_Activity_.
Directions for the data below: repeat exactly the lines from the one with "荷物落下を防いで紫外線や悪天候から守るトラックシートが登場!!" through the one with "Scoop neck, short", both included, and omit all pictures.

_Extracted information_.
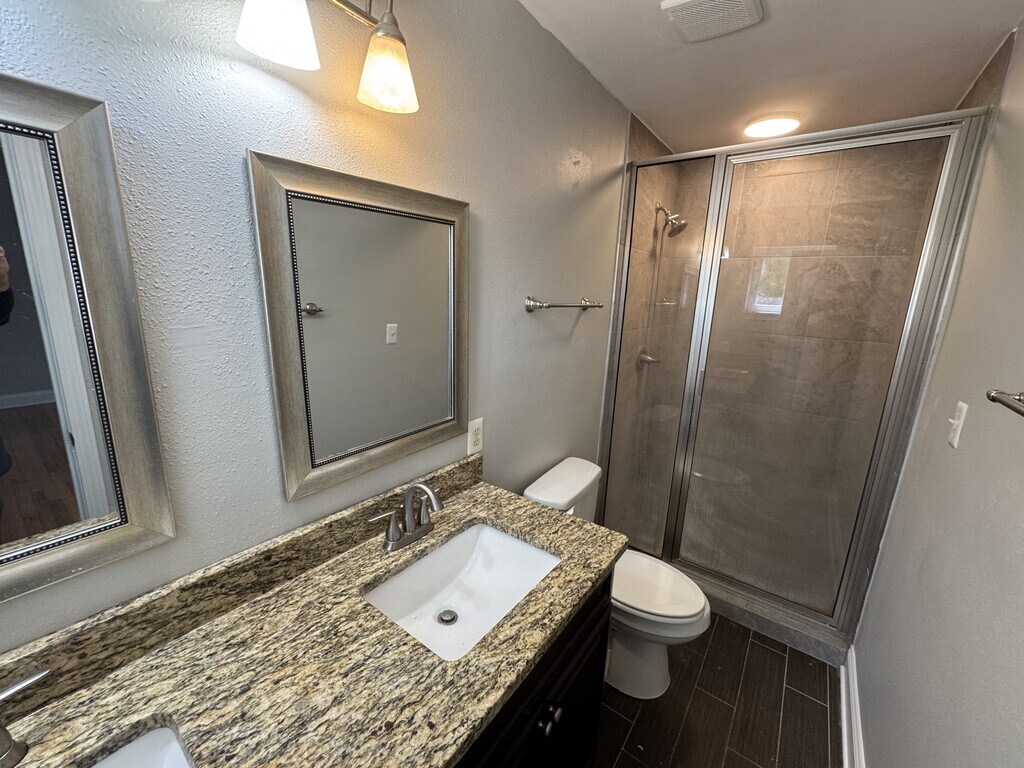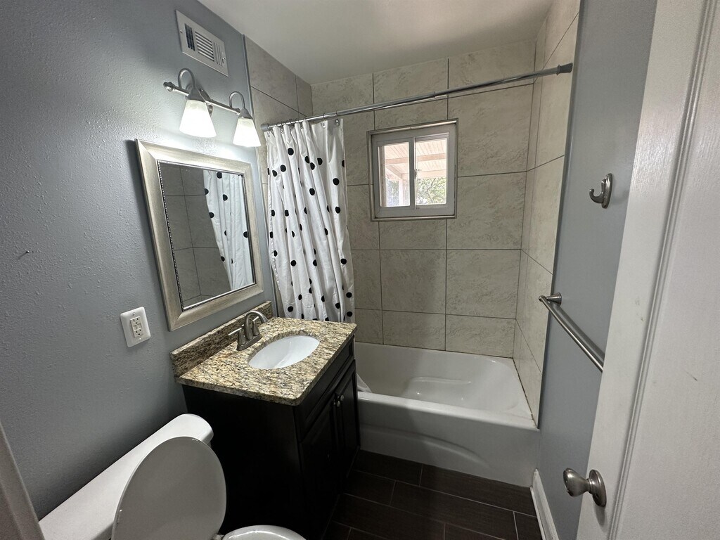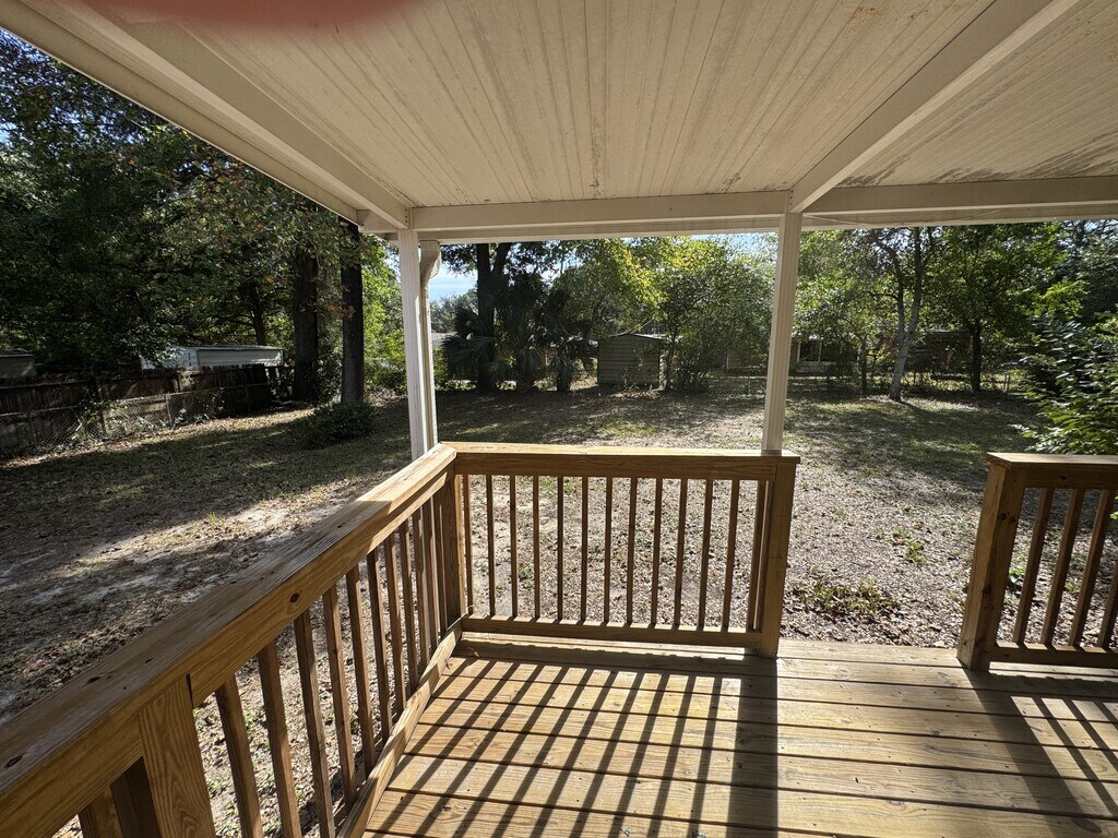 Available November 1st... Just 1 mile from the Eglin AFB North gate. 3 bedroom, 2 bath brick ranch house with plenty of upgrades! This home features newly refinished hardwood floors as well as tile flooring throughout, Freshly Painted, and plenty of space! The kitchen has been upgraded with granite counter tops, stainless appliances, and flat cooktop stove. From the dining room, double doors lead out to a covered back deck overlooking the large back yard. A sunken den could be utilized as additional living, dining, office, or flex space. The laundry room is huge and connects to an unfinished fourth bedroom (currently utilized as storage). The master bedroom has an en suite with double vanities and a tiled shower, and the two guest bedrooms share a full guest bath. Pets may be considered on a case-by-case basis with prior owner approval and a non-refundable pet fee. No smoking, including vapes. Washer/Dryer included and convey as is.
--
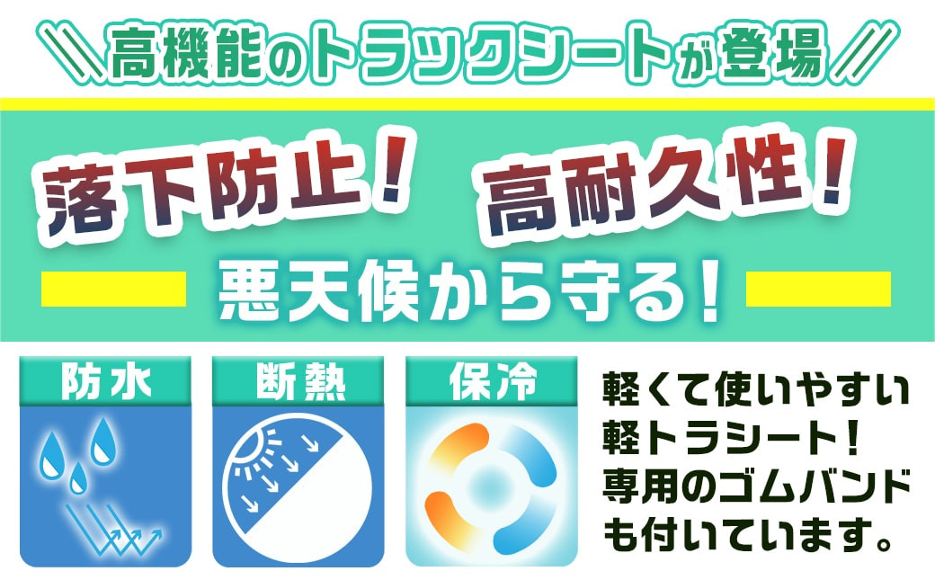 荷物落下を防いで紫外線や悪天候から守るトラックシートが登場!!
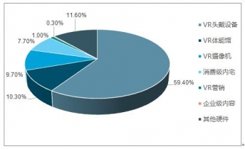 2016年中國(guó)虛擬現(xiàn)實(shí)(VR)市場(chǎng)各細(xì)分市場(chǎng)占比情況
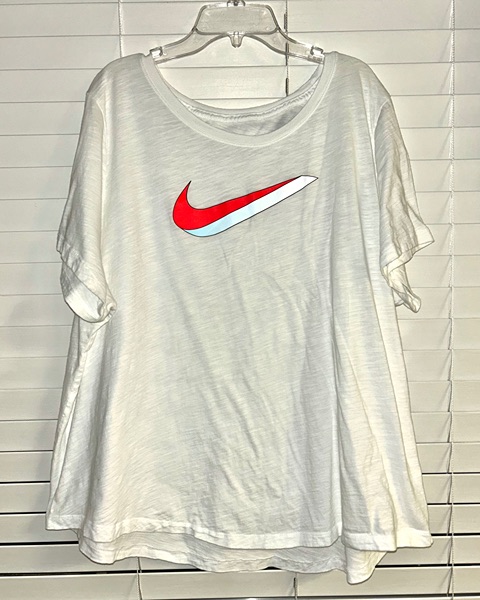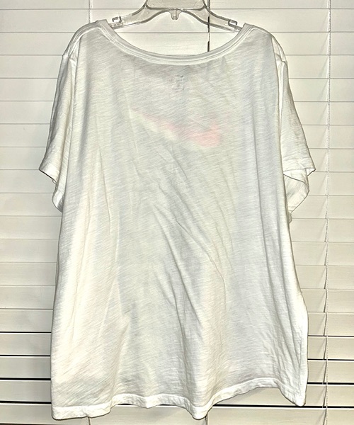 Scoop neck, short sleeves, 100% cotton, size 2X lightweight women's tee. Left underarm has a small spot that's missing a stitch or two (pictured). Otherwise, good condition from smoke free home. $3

_Solution below_.
 荷物落下を防いで紫外線や悪天候から守るトラックシートが登場!!
 2016年中國(guó)虛擬現(xiàn)實(shí)(VR)市場(chǎng)各細(xì)分市場(chǎng)占比情況
 Scoop neck, short sleeves, 100% cotton, size 2X lightweight women's tee. Left underarm has a small spot that's missing a stitch or two (pictured). Otherwise, good condition from smoke free home. $3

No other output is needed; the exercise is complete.